Les très nombreux cas de pédophilie des prêtres avec complicité des supérieurs hiérarchiques n’ont jamais amené l’Etat à enquêter et à intervenir sur le terrain législatif, pénal, judiciaire ni social et politique, déconseillant par exemple aux parents de confier des enfants en bas âge aux prêtres des églises qui ont couvert les pédophiles par exemple. Toute association civile qui aurait commis de tels crimes de pédophilie couverts par les responsables serait déjà fermée et ses responsables en prison. Mais c’est l’Eglise catholique…

En institutionnalisant le Conseil du culte musulman, en organisant des relations officielles avec les institutions de l’Eglise catholique, des églises protestantes et du rabbinat, l’Etat se mêle de religion et permet que les religions se mêlent des décisions de l’Etat, que cela concerne le culte, le mariage, l’avortement, la contraception, l’AMP, l’homosexualité et on en passe… En fait, l’Etat a accepté que les églises recommencent à faire de la politique en France et elles ne s’en privent pas ! L’Eglise catholique est particulièrement active en ce moment dans ce domaine et le pape lui a assigné un rôle d’intervention sociale mais aussi politique qu’elle assume parfaitement. Jamais l’Etat ne lui a rappelé son devoir de rester dans la sphère privée.

Il y a mille manières pour l’Eglise de revenir dans la sphère publique et pour l’Etat de l’y tolérer. Et ce même dans l’école publique ! Il suffit d’utiliser les aumôneries (qui sont acceptées dans l’école publique, dans l’armée nationale et dans les prisons notamment), les fêtes religieuses, les cours d’histoire, les fêtes de la jeunesse, les visites du pape, les manifestations contre l’avortement et le mariage homo, les déclarations sur la misère et les guerres dans le monde, etc, etc... Les chefs d’Etat font leur petite visite papale, comme Hollande récemment. Ils réunissent les chefs des Eglises diverses pour discuter de la nourriture kasher. Ils interviennent dans les conférences religieuses comme récemment celle du Consistoire juif unifié de France. On est très loin de l’Etat laïque qui « n’a pas à connaitre des religions » de 1905 ou de « l’Etat chez lui et l’Eglise chez elle » de Victor Hugo.

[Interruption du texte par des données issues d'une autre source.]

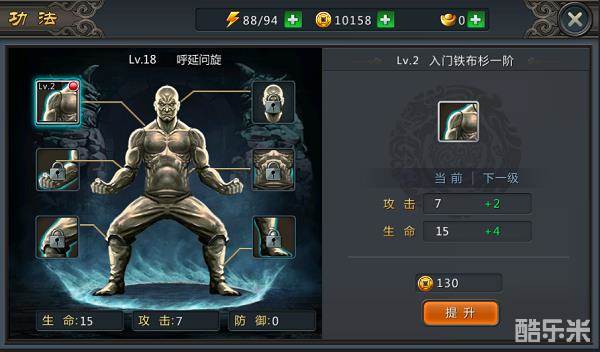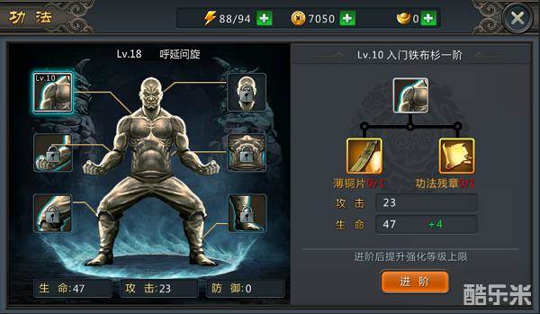 进入后的界面如下图所示:大侠们可以选择不同的部位进行提升,提升后可以增强基础属性。提升需要消耗一些铜币。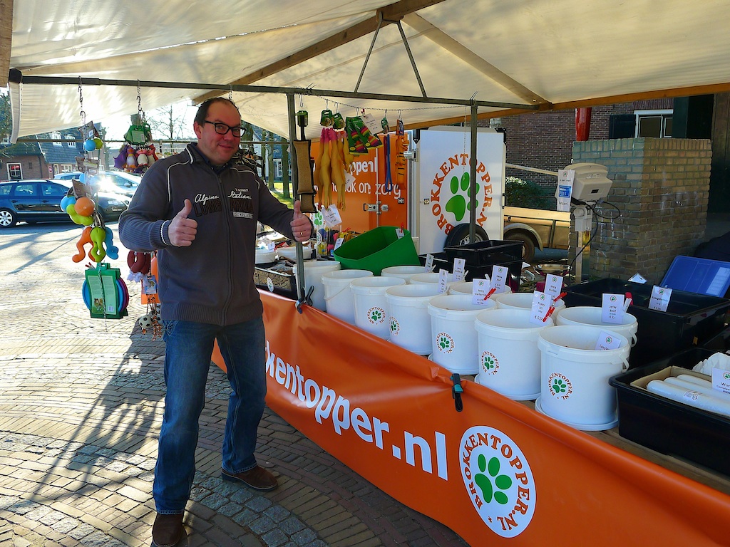Vanaf vandaag staat de Brokkentopper.nl van Marco Vos elke dinsdag bij de muziektent. Met van alles voor hond, kat, hamster, konijn, cavia, vissen en alle andere huisdieren.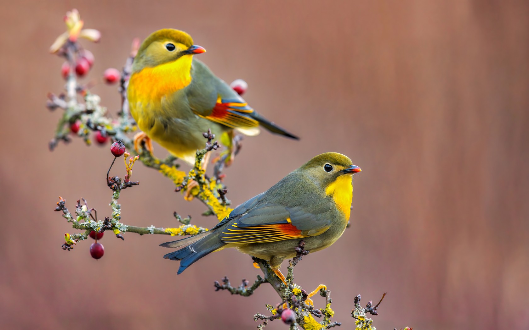 Colorful Japanese Nightingale Birds Wallpaper - 1680x1050

Même la prétention de mettre un signe d’égalité entre toutes les convictions est mensongère et d’abord parce que c’est en niant l’existence de convictions animistes, athées, matérialistes, panthéistes ou même agnostiques : il n’y a pas d’émission sur l’athéisme dans les grands média par exemple, pas de page sur l’histoire du matérialisme dans les livres d’histoire ni sur les religions multiples qui ont disparu, pas de déclaration des chefs d’Etat dans les grandes cérémonies en reconnaissance des combats antireligieux de la Révolution française, pas d’effort de fonder une philosophie sur les sciences et les connaissances contemporaine ni de combattre les préjugés religieux, notamment ceux contre les femmes (le jardin d’Adam et Eve où Eve, tirée d’une côte de l’homme, a détourné du droit de chemin Adam en écoutant la voix du diable-serpent). Les religions monothéistes que défend l’Etat français sous prétexte du droit des individus sont toutes des religions qui méprisent les femmes. Voir la prière juive de l’homme le matin : « je te remercie mon dieu de ne pas m’avoir fait femme » et interdiction de sortir le texte religieux dans une pièce où une femme peut avoir pénétré. Et comme christianisme et islam reconnaissent l’ancien testament… Pas un mot sur tout cela dans les livres d’Histoire alors que des pages entières y sont consacrées à ces religions.

Mais même l’égalité de traitement par l’Etat des quatre grandes religions (catholicisme, protestantisme, judaïsme, islam) n’est qu’un mythe.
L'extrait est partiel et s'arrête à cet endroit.